C'est en 1314 qu'Isabelle dénonce auprès de Philippe le Bel l'adultère de ses belles-soeurs. La réputation d'Isabelle en France, à cause du rôle qu'elle aura joué dans l'affaire de la Tour de Nesle, en souffrira durablement. 10 ans plus tard, ce sera elle qui sera une reine adultère. Dans les bras du fougueux Roger Mortimer, a-t-elle pensé au destin de sa belle-soeur, Marguerite de Bourgogne ?
DE NOUVEAUX FAVORIS, LES DESPENSER
C'est dans cette période de trouble que s'élèvent alors les deux nouveaux favoris royaux, à la consternation d'Isabelle : le seigneur Hugues Despenser l'Aîné, qui avait toujours été l'un des plus fervents soutiens du roi et de Gaveston quelques années auparavant, et son fils également prénommé Hugues.
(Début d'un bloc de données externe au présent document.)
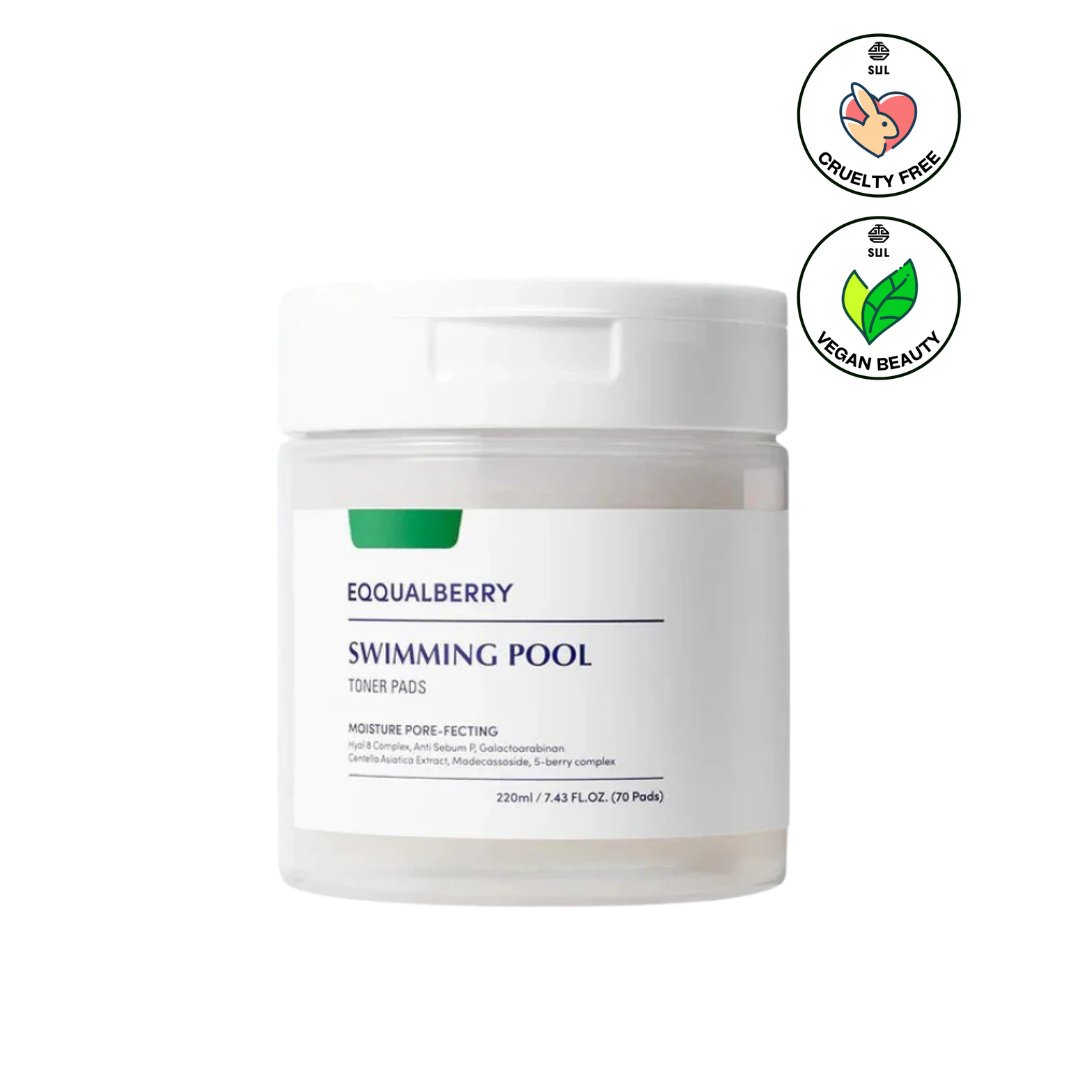 The Swimming Pool Daily Facial Toner by Eqqualberry are dual-sided hydrating and exfoliating pads infused with Hyal 8 Complex to boost moisture while gently removing impurities and dead skin cells.

C'est avec le fils, Hugues le Jeune, qu'Édouard se montre le plus intime. Hugues a le même âge que le roi. On pense assez généralement qu'Édouard et Hugues ont entamé une relation d'ordre sexuelle à cette époque.
Mais alors qu'Isabelle avait pu s'entendre avec Gaveston, il apparaît vite qu'un tel compromis ne sera jamais possible entre la reine et le nouveau favori.
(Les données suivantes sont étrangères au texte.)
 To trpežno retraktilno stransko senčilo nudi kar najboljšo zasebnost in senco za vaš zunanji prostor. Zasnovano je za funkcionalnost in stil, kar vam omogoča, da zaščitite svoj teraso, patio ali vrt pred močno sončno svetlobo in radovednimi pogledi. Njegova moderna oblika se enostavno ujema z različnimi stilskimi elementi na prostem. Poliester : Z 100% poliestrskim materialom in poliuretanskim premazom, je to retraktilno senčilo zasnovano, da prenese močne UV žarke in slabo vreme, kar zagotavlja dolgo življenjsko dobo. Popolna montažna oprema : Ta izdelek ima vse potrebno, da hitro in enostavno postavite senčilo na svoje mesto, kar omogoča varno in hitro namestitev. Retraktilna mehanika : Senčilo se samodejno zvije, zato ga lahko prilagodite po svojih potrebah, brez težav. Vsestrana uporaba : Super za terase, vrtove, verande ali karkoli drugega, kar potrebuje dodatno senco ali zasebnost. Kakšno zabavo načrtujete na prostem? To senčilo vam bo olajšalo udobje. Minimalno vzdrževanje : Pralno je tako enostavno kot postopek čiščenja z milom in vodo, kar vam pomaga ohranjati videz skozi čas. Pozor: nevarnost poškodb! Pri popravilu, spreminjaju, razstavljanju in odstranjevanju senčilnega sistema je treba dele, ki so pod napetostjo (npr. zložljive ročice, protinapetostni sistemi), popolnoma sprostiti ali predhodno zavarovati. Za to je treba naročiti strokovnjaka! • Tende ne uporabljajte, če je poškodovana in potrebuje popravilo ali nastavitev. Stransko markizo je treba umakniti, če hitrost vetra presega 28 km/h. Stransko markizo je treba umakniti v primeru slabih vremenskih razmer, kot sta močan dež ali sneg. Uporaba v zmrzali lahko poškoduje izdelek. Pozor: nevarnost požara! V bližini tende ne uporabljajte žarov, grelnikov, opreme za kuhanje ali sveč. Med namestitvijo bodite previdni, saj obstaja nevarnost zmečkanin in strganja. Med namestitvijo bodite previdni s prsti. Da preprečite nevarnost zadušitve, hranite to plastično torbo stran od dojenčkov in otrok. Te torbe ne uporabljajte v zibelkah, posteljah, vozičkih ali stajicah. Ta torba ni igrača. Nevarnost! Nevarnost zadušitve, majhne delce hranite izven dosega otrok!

Les barons se révoltent de nouveau en 1321. Isabelle s'agenouille publiquement devant le roi pour le supplier d?exiler les Despenser, lui donnant ainsi l'opportunité de sauver la face en accédant à une supplique. Si le roi se soumet, il n'attend en fait qu'une occasion pour les rappeler. Les efforts d'Isabelle pour sauver la paix ont néanmoins contribué à la rendre populaire auprès de ses sujets, mais le royaume reste fragile et les efforts d'Isabelle de peu d'effets à long terme, que ce fût dans son ménage ou à l'extérieur.
Édouard triomphant, l'ambition des Despenser se met à atteindre des niveaux jamais atteints et Isabelle comprend par elle-même qu'un rival bien plus dangereux que Gaveston l'a supplantée : Gaveston n'avait jamais blessé son intelligence politique. Hugues le Jeune est à présent solidement établit comme nouveau favori, et ensemble, durant les quatre années suivantes, ils vont imposer à l'Angleterre un sévère gouvernement. Isabelle vit, plus que jamais, une situation conjugale, psychologique et financière difficile. Hugues le Despenser, dilapide le Trésor royal et ne cesse d'humilier la reine.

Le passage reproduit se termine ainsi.